*Material provided*.

________

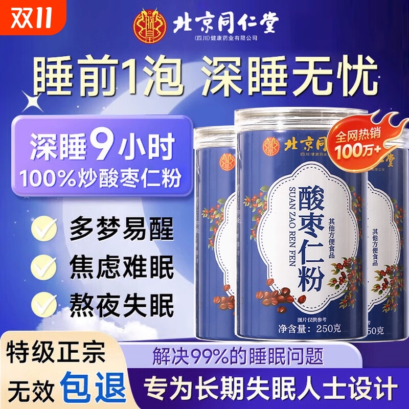 北京同仁堂酸枣仁粉熟炒正品店睡眠茶熬夜养生茶安助神眠膏茶入睡
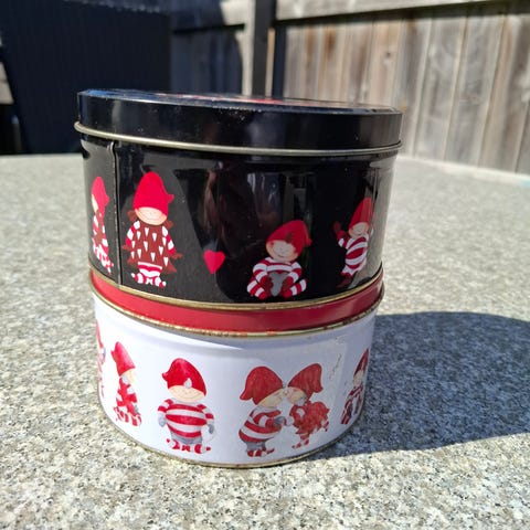 3 flotte retro jule dåser fra Daells Varehus. De er i rigtig fin stand og kan bruges. Ingen rust.
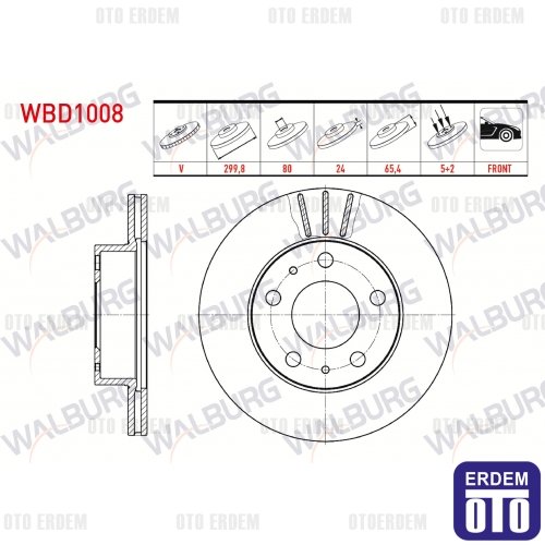 Bu havalı ön fren diski, aşağıdaki modeller için uygundur: Fiat Ducato (1994-), Peugeot Boxer 1-2-3-4 (1994-), Citroen Jumper 1-2-3-4 (1994-), Karsan Jest (2012). Teknik özellikler: Ölçüler 299,8 x 24 x 80 x 65,4 mm; 5 bijonlu montaj; havalı (ventile) yapı. Ürün, üretici standartlarına uygun ölçü ve montaj özelliklerine sahiptir ve doğrudan takılabilmektedir. Yüksek ısı dayanımı ve aşınma direncine sahip tasarımı ile uzun ömür ve yüksek dayanıklılık sunar. Özel yüzey işlemi sayesinde sessiz ve titreşimsiz sürüş sağlar ve yüksek fren performansı ile güvenli sürüş sağlar.

________

*Exercise details*. Output nothing but an exact retyping of the material, pictures excluded.

*Exercise response*.
 北京同仁堂酸枣仁粉熟炒正品店睡眠茶熬夜养生茶安助神眠膏茶入睡
 3 flotte retro jule dåser fra Daells Varehus. De er i rigtig fin stand og kan bruges. Ingen rust.
 Bu havalı ön fren diski, aşağıdaki modeller için uygundur: Fiat Ducato (1994-), Peugeot Boxer 1-2-3-4 (1994-), Citroen Jumper 1-2-3-4 (1994-), Karsan Jest (2012). Teknik özellikler: Ölçüler 299,8 x 24 x 80 x 65,4 mm; 5 bijonlu montaj; havalı (ventile) yapı. Ürün, üretici standartlarına uygun ölçü ve montaj özelliklerine sahiptir ve doğrudan takılabilmektedir. Yüksek ısı dayanımı ve aşınma direncine sahip tasarımı ile uzun ömür ve yüksek dayanıklılık sunar. Özel yüzey işlemi sayesinde sessiz ve titreşimsiz sürüş sağlar ve yüksek fren performansı ile güvenli sürüş sağlar.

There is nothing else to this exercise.